Genetic Algorithms for image reconstruction 🧬

Tip

All code for this project can be found my github page

Introduction

Figure 1: Best individual, target and two loss metrics

Genetic algorithms are a beautiful subset in the machine learning domain, that use evolutionairy techniques to arrive to solutions that other algorithms have trouble at. These techniques include the combining of solutions, often called crossover, and the slightly altering of solutions, called mutations.

In this post, I’ll show two versions genetic algorithms that can be used for image reconstruction given a target image. In the real world, it will have few applications but it’s a great theoretical exercise and practice for understanding of the algorithms and image manipulation. However, they are unmistakingly usefull and have been applied in many domains, one being Neural Architecture Search, a method to find the best architecture for a neural network given a specific problem.

While other optimization methods, such a gradient descent, are incredibly powerful for problems that provide a smooth non-stochastic optimization curve, they frequently lack the variance needed for problems with solutions not easily findable following a single trajectory in parameter space. This is where genetic algorithms can provide unexpected solutions.

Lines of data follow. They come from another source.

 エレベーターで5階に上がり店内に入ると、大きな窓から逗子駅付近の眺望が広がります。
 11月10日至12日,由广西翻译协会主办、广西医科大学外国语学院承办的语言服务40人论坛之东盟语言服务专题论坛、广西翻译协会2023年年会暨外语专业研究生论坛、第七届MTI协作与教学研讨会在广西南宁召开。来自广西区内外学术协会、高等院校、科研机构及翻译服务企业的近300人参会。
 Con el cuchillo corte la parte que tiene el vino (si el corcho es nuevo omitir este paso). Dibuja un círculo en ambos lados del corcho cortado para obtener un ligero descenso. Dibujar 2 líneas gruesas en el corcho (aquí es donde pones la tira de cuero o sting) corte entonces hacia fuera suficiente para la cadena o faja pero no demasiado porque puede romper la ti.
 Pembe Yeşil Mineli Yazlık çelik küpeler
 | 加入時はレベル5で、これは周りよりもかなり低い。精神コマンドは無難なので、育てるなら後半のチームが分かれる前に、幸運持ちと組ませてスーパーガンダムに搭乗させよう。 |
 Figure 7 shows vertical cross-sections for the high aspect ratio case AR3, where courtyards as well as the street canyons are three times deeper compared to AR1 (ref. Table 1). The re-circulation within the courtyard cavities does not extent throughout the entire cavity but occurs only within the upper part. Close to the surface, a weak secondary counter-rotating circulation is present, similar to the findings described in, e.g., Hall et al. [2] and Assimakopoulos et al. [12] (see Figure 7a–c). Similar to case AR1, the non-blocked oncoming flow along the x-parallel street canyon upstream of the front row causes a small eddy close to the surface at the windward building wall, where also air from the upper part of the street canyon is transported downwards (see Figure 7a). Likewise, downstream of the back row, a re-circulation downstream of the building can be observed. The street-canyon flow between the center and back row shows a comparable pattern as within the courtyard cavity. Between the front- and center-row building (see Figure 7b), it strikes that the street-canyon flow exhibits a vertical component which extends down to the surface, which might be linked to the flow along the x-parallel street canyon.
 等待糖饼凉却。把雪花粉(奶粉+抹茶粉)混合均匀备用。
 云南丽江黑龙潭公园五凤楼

As in nature, genetic algorithms are based on natural selection and survival of the fittest. That means that each iteration, we select the best candidates for the problem at hand and continue with those. Each individual represents a solutions, and by slightly altering and combining solutions we hope to come to a better solution each iteration. As you can understand, this is a very generic approach that can be applied to all types of problems.

The algorithm

Generally, the algorithms for genetic algorithms follows roughly the same outline and is as follows:

pop = create initial popluation with n individuals

for i in n_iterations:
    1. randomly combine/reproduce individuals
    2. randomly mutate individuals
    3. retain fittest individuals

Mutations

Let’s start with the most simple version of changes made to candidates: mutations. In any organism with DNA (or some form of it), we see mutations; slight changes in the genetic code. In organism, it’s typically the results of an incorrect copy of DNA code, but in this case we are intentionally applying mutation to create slight variations.

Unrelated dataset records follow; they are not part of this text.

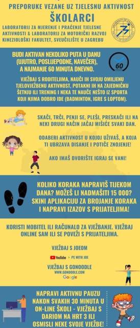 – Tjelesna aktivnost, osim na tjelesno zdravlje ima i velik utjecaj na rad mozga. Roditelji bi trebali potaknuti djecu na kratke tjelesno aktivne pauze tijekom dugotrajnog perioda neaktivnosti. Nekoliko minuta tjelovježbe nakon pola sata online škole pomoći će učenicima lakše pratiti nastavu, produžiti vrijeme usredotočenosti na zadatke i tako pomoći učenicima svladati gradivo – zaključuje dr. sc. Hrvoje Podnar.
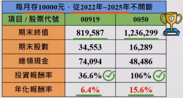 從這組數據可以很清楚看出來,0050 的投資報酬率明顯高於 00919。
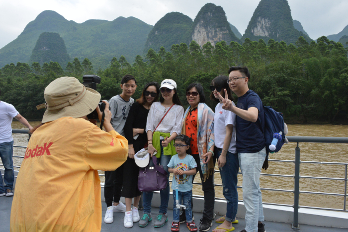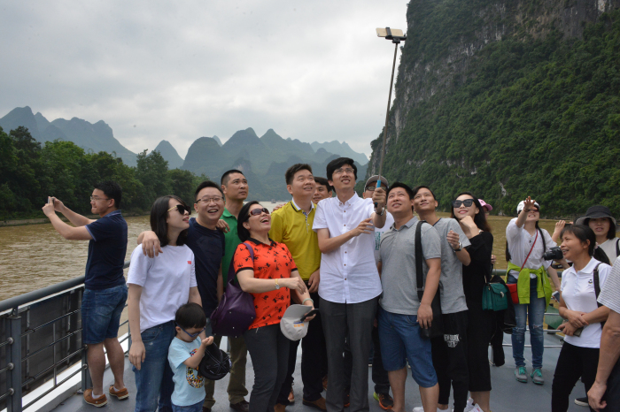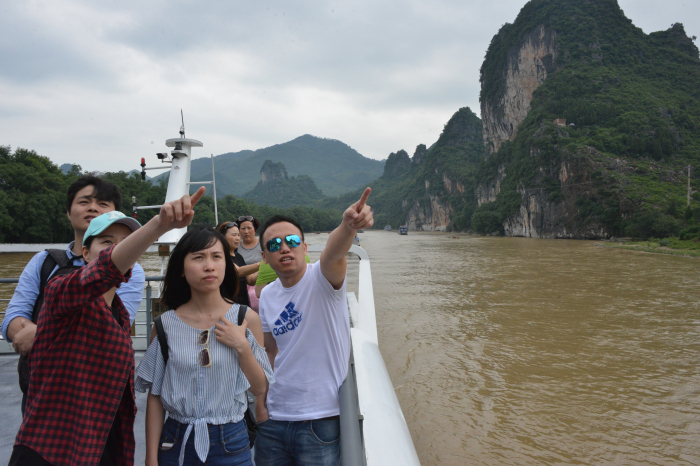 沿途美不勝收的山水風(fēng)光,吸引了建藝人紛紛登上游船的頂層甲板,尤其在著名的“九馬畫山”景點(diǎn),大家更是爭先恐后的拍照留念。有趣的是,拍照之余,大家還興致勃勃的“數(shù)馬”,大自然的神奇造化,加上人的豐富聯(lián)想,一個(gè)絕美無比的自然奇觀這就這樣展現(xiàn)在了眼前,令人不得不贊嘆自然的神奇,更對(duì)漓江沿途的美景稱奇不已。

For human cells, a mutated cell can start to misbehave, which is generally cleaned up by our immune system. However, sometimes they’re missed or not easy to clean up and can lead to serious consequences such as cancer. We also know mutations from sci-fi and monster stories, which result in zombies and the like, but that’s unfortunately not what we are talking about today.

Procreation

Procreation is very important for this algorithm, because it allows the combining of two (or more) individuals into a new individual. Hopefully, this leads to to an individual that has all good qualities of their parents and none of the bad. In the rest of this post, the terms procreation, crossover and combine are used interchangeably for this concept.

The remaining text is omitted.